# MPIAquatics.com



## Hawkeye (Mar 22, 2005)

I would like to announce my new web site: 

http://www.mpiaquatics.com 

With the help of Jason Baliban I have a place to keep an on going log for my aquariums and a place to share the experience I have over the years setting up a small aquarium room. I have eight tanks now with plans for one more room addition to house just a few more tanks! LOLOL 

I only comment on things I have experience with and from a perspective of just keeping it simple. I believe you can have a lush planted aquarium without a lot of hassle and this is what my web site is about. I hope it helps the beginners out there that think its just to much work to have a planted aquarium. 

Hawk


----------



## hl0107 (Oct 20, 2004)

Great site Hawkeye!! roud: 

Welcome to the forum.


----------



## Jason Baliban (Mar 3, 2005)

Sweet Site!!! roud: 
jB


----------



## KyleT (Jul 22, 2002)

More importantly awesome tanks!


----------



## BSS (Sep 24, 2004)

Hawk - Nice to see you over at TPT. It's a *very* active site.
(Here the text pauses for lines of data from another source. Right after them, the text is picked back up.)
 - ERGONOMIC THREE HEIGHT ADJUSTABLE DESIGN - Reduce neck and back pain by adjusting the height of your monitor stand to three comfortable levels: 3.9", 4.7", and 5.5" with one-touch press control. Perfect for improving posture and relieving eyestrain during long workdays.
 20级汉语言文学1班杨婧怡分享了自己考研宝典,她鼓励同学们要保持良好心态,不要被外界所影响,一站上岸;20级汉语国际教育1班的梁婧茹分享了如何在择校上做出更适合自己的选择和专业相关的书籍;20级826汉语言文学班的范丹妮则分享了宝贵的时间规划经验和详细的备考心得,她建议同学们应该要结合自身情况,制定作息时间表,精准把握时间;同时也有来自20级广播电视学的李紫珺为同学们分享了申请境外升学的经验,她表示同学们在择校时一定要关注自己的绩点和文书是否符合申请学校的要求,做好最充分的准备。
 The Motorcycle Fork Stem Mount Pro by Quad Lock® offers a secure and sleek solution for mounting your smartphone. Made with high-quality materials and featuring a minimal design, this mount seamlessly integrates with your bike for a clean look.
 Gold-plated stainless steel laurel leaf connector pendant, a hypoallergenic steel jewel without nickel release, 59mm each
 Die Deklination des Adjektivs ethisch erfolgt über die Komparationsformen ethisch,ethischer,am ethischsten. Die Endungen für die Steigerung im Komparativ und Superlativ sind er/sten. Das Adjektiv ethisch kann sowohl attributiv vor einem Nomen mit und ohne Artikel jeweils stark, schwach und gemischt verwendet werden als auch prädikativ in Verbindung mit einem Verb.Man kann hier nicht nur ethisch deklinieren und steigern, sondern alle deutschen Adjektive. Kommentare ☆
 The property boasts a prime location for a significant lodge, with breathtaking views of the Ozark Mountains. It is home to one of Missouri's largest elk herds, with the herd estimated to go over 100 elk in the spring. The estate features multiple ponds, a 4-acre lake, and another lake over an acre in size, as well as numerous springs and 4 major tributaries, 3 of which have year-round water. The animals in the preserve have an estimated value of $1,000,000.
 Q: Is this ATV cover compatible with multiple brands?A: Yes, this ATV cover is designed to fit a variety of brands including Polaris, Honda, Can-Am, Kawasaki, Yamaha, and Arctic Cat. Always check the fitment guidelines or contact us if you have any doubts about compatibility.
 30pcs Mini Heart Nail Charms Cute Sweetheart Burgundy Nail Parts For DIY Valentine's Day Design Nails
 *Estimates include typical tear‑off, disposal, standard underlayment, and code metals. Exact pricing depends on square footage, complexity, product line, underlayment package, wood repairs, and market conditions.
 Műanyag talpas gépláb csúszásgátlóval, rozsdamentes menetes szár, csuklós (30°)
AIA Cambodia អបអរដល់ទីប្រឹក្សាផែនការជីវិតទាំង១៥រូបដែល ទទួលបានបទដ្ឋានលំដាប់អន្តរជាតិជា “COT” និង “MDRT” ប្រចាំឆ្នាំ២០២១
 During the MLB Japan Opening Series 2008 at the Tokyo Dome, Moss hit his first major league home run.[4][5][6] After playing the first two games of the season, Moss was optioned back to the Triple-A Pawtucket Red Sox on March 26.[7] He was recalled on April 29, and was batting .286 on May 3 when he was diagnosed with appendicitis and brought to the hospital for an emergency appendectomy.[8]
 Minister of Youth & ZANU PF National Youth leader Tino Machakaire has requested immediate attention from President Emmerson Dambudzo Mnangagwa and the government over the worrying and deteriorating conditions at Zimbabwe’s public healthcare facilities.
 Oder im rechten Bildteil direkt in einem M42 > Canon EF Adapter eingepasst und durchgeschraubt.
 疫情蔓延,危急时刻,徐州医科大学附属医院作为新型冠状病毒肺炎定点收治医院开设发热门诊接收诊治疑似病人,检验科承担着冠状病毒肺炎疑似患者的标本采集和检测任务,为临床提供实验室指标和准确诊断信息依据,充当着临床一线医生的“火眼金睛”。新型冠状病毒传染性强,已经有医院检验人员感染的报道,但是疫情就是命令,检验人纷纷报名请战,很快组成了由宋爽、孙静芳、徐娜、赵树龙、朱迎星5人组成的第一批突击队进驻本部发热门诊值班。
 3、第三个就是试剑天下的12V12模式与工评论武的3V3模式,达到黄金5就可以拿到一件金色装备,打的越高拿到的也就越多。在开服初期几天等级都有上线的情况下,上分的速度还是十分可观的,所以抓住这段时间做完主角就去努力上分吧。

Good luck keeping up :icon_bigg !

Brian.


----------



## Hawkeye (Mar 22, 2005)

I have finally updated my page with some new plants "Anubias "petite","marble" and "frazeri" and I added my articles on small aquarium rooms. I hope it will not take as long for updates in the future. I am working on articles on ricca I hope will be finished soon. Thank you all for your support. I can't believe how well its page has worked out. Thank you all!!

Hawk


----------



## milalic (Aug 25, 2005)

Hawkeye said:


> I have finally updated my page with some new plants "Anubias "petite","marble" and "frazeri" and I added my articles on small aquarium rooms. I hope it will not take as long for updates in the future. I am working on articles on ricca I hope will be finished soon. Thank you all for your support. I can't believe how well its page has worked out. Thank you all!!
> 
> Hawk



The link under your name is pointing to http://www.mpiaqutics.com/


----------